:: The task ::
Please restate the entries below word for word, leaving out any pictures.

↓

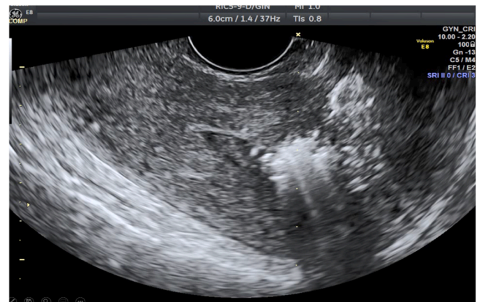
Fig. 2. Sagittal view of the uterus in a transvaginal ultrasound. Notice the change in echogenicity after the treatment with Radiofrequency to the myoma.

TRFA was performed under general or epidural anesthesia, prior administration of prophylaxis with intravenous cefotaxime 2 g in an outpatient setting. The needle electrode was inserted under ultrasonographic visualization via the anterior or posterior fornix of the vagina until the tip was located within the fibroid, 0.5 cm deep to the pseudo capsule. In each of the ablation shots, the power released and the change in tissue impedance were displayed on the radiofrequency generator screen, and a permanent change in the echogenicity of the treated tissue was seen in the ultrasound image (ie, it becomes hyperechoic). After each target area was treated, the needle was moved to an adjacent, untreated part of the fibroid, and the ablation process was repeated. The procedure was considered complete when a change in echogenicity was detected in approximately 80% of the fibroid volume (Fig. 2). Appropriate safety measures were taken to avoid thermal damage (Fig. 3). After the procedure, all women remained under observation for 4 h
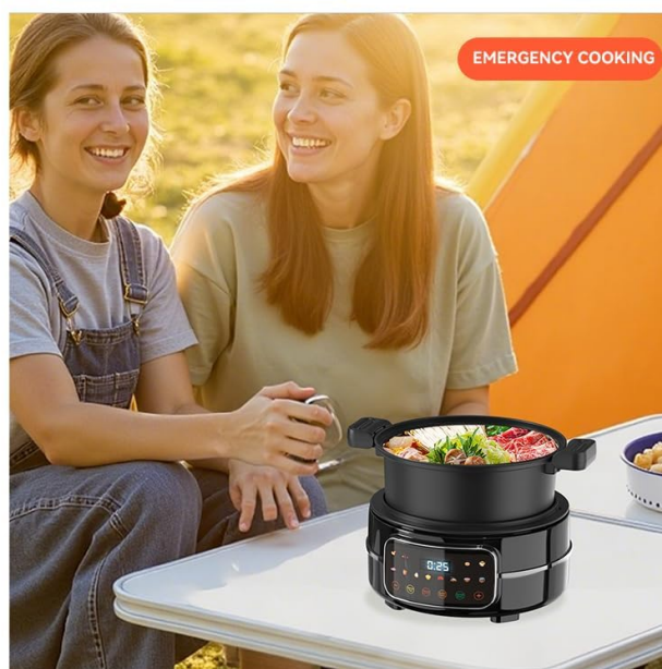
Figure 2: Examples of meals prepared with the multi-cooker, highlighting its versatility.
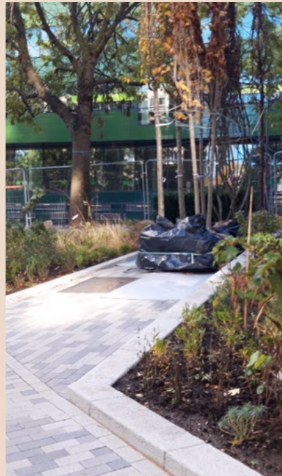
Paving and landscape area surrounding the new blocks and Harrow Road
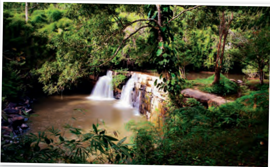
Namtok Si Dit

2196, 28 th Cavalry Division and bungalows for accompanying persons near the Khao Kho Palace and Khao Ya. Moreover, there are many resorts by the route ascending to Khao Kho.
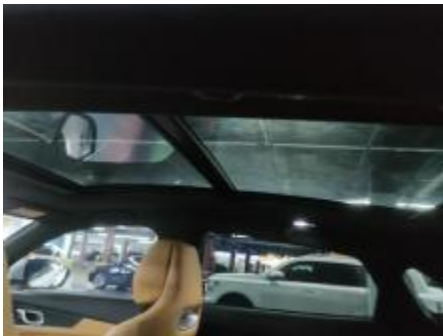
Roof top window
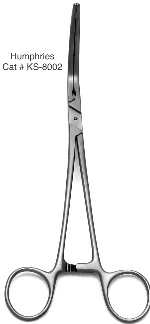
Humphries Cat # KS-8002
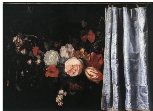
A trompe l'oeil curtain sits atop trompe l'oeil flowers. Adrian van der Spelt, Still-Life with Curtain , c.1640.

In the seventeenth century, advances in the science of optics further aided trompe l'oeil artists. Especially in Northern Europe, tools such as the portable camera obscura , a camera-like box

↑

:: Worked solution ::
Fig. 2. Sagittal view of the uterus in a transvaginal ultrasound. Notice the change in echogenicity after the treatment with Radiofrequency to the myoma.

TRFA was performed under general or epidural anesthesia, prior administration of prophylaxis with intravenous cefotaxime 2 g in an outpatient setting. The needle electrode was inserted under ultrasonographic visualization via the anterior or posterior fornix of the vagina until the tip was located within the fibroid, 0.5 cm deep to the pseudo capsule. In each of the ablation shots, the power released and the change in tissue impedance were displayed on the radiofrequency generator screen, and a permanent change in the echogenicity of the treated tissue was seen in the ultrasound image (ie, it becomes hyperechoic). After each target area was treated, the needle was moved to an adjacent, untreated part of the fibroid, and the ablation process was repeated. The procedure was considered complete when a change in echogenicity was detected in approximately 80% of the fibroid volume (Fig. 2). Appropriate safety measures were taken to avoid thermal damage (Fig. 3). After the procedure, all women remained under observation for 4 h
Figure 2: Examples of meals prepared with the multi-cooker, highlighting its versatility.
Paving and landscape area surrounding the new blocks and Harrow Road
Namtok Si Dit

2196, 28 th Cavalry Division and bungalows for accompanying persons near the Khao Kho Palace and Khao Ya. Moreover, there are many resorts by the route ascending to Khao Kho.
Roof top window
Humphries Cat # KS-8002
A trompe l'oeil curtain sits atop trompe l'oeil flowers. Adrian van der Spelt, Still-Life with Curtain , c.1640.

In the seventeenth century, advances in the science of optics further aided trompe l'oeil artists. Especially in Northern Europe, tools such as the portable camera obscura , a camera-like box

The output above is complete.